I am having an issue where it seems like fetch(req) is the going a bit too fast, so it's only catching part of the page. Is there a way to slow it down? I can find it for when the crawler is working, but not for when you're scraping the shell. Thoughts?

@thewheeldeal8439 2 года назад

This is a great video thanks! Question: Can scrapy save item objects to pickle binary files? If so, how? I just find it really convenient to save my scraped data into pickled objects that can be used quickly in other files, but I can't find any doc on that for scrapy...

@alfakih7247 Год назад

More scrappy blog please

@abdulcute 3 года назад

Best Vid for scrapy and best explanation @john Watson Rooney and others i have a one question along item loader that how we extract data if the element have more than one information (e.g. if element have two cell no then Item loader pick only first number not second one) as i learned from you previous vid we use getall()

@TheWhoIsTom 3 года назад

Nice tutorial!! Would be nice if you would show how to store the data of THIS code (item loader) into mongo DB. :)

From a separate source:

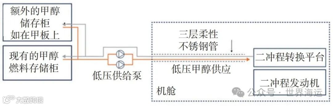 瓦锡兰研发的二冲程未来燃料转换平台采用了一种新的燃油喷射技术和燃烧概念,用于船舶的改装。瓦锡兰二冲程未来燃料 ( 甲醇 ) 改装平台及安装系统详见图5。改装平台设有两条燃料转换途径。其一,初始阶段可将燃料转化为LNG;其二,随着其他替代燃料的可用性逐渐提升,燃料可被用作混合燃料或完全替代燃料,从而减少实现净零排放所需的系统改装需求。如瓦锡兰二冲程柴油机甲醇燃料改装中,由于二冲程未来燃料转换技术融合了发动机上的燃料压力放大和控制,改装过程仅需配置低压燃料供应系统。使用的三层柔性不锈钢管包含甲醇供应、回流和真空绝缘功能,最大限度地提高了改装的灵活性,使在有限空间的装置中燃料转换成为可能[4]。

@JohnWatsonRooney 3 года назад

Thanks! Sure, I’m going to extend this project to cover more of Scrapy’s features, including pipelines and databases

@TheWhoIsTom 3 года назад

@@JohnWatsonRooney Awesome. Thanks a lot :)

@alessandr2 3 года назад

Thanks for the tutorial!! One question, what part of the new code prevents the error to appear if there is no price info?? Thanks in advance !!!

@NatureLover02005 3 года назад

Excellent!!!

@GordonShamway1984 3 года назад

Super

@salimbo4577 3 года назад

thank you so much. is there a way i can scrap audio data like sound data ?

@leleemagnu6831 3 года назад

John, Another great video. In the title the first word should read Scrapy or the video won't come up in a search. Let me wish you a, well deserved, fantastic Christmas ! e

@JohnWatsonRooney 3 года назад

Oh wow I didn’t notice! Thank you for pointing that out, I’ve changed it. Happy Christmas to you too!